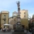 The Santa Eulalia fountain stands in Plaza del Pedro with a marble statue of the saint atop a pyramidal structure made of diverse marbles and Montjuic stone.
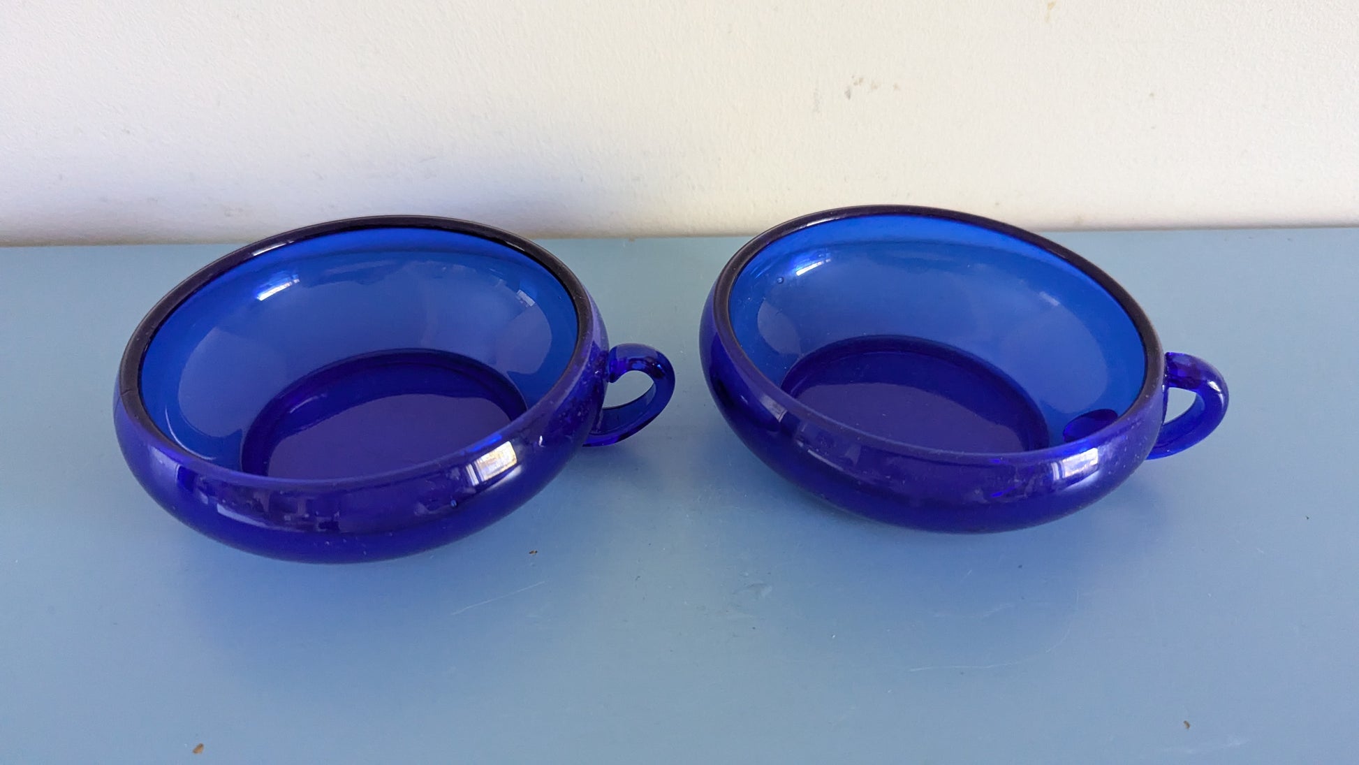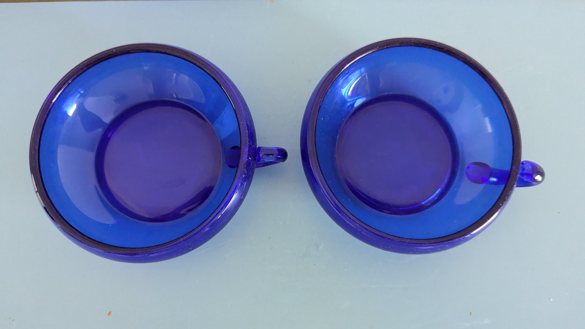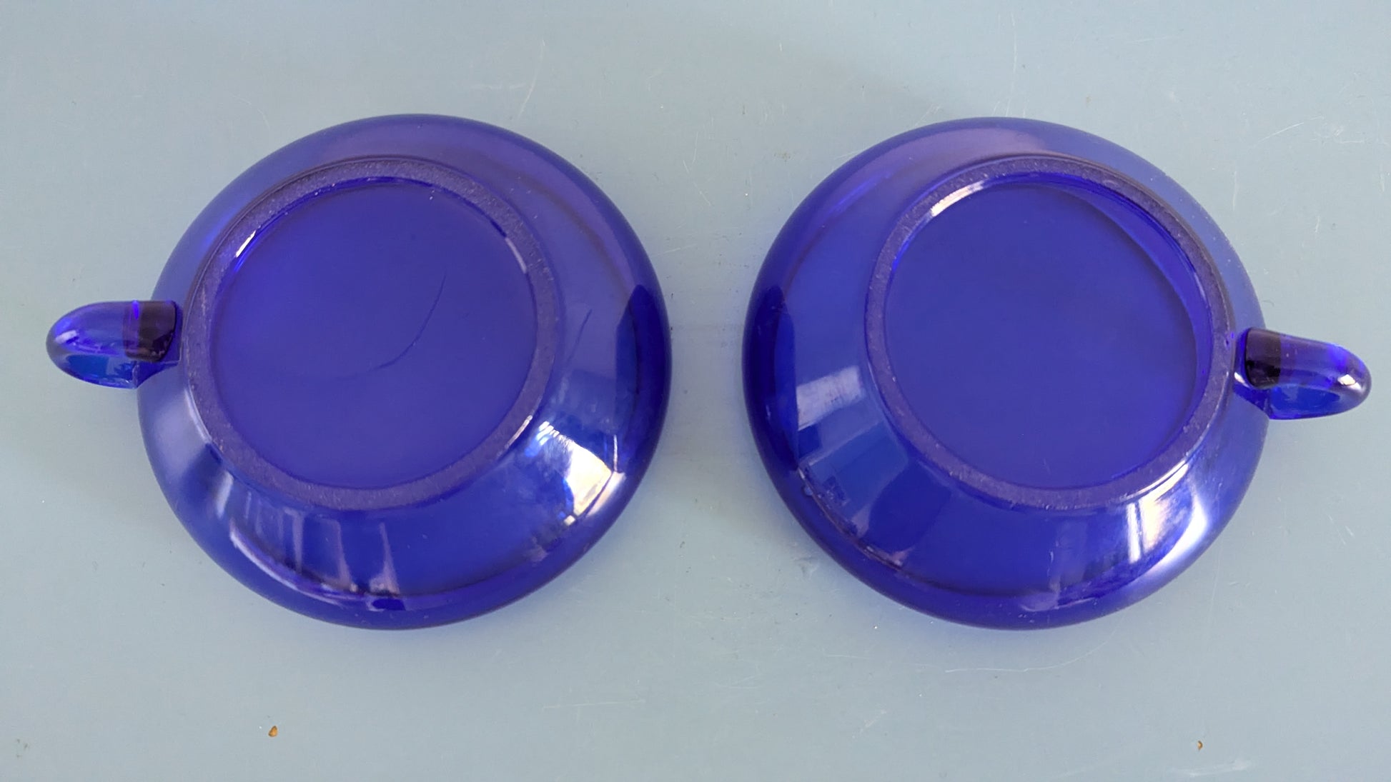 Ei iskemiä tai halkeamia. Käyttökulumaa ei ole tai se on minimaalista. Toisen kulhon lasimassan sisälle jäänyt pieni ilmakupla. Toisessa pieni tekovika eli pohjapuolelle jäänyt ura joka tuntuu sormella. Ei ole halkeama. Viat näkyvät kahdessa viimeisessä kuvassa.
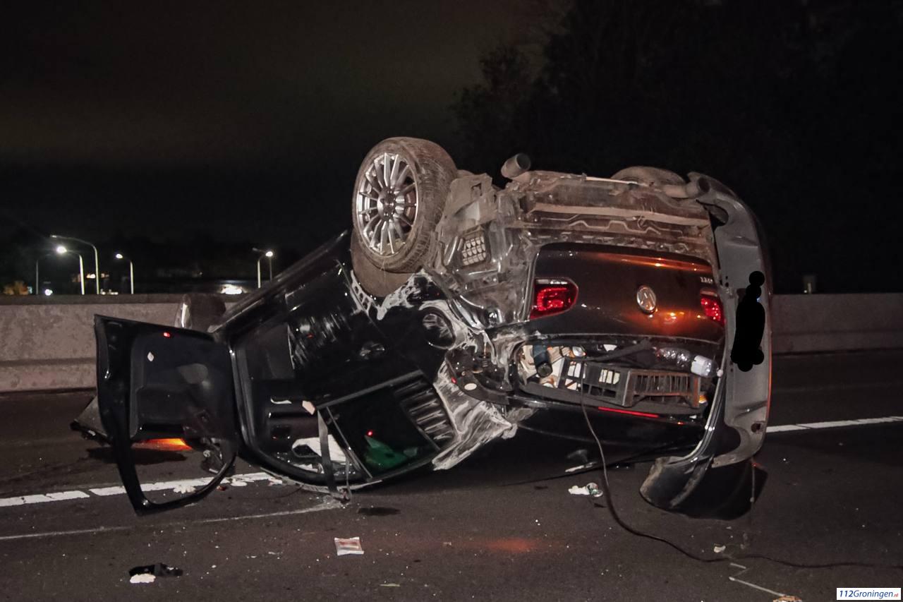 Volgens de politie raakte een personenauto door nog onbekende oorzaak een geleiderail, waarna het voertuig over de kop sloeg. Kort daarna botsten een personenauto en een busje op elkaar.

Work task> Excluding pictures, reproduce the listing above exactly as it stands.

The completed task>
 The Santa Eulalia fountain stands in Plaza del Pedro with a marble statue of the saint atop a pyramidal structure made of diverse marbles and Montjuic stone.
 Ei iskemiä tai halkeamia. Käyttökulumaa ei ole tai se on minimaalista. Toisen kulhon lasimassan sisälle jäänyt pieni ilmakupla. Toisessa pieni tekovika eli pohjapuolelle jäänyt ura joka tuntuu sormella. Ei ole halkeama. Viat näkyvät kahdessa viimeisessä kuvassa.
 Volgens de politie raakte een personenauto door nog onbekende oorzaak een geleiderail, waarna het voertuig over de kop sloeg. Kort daarna botsten een personenauto en een busje op elkaar.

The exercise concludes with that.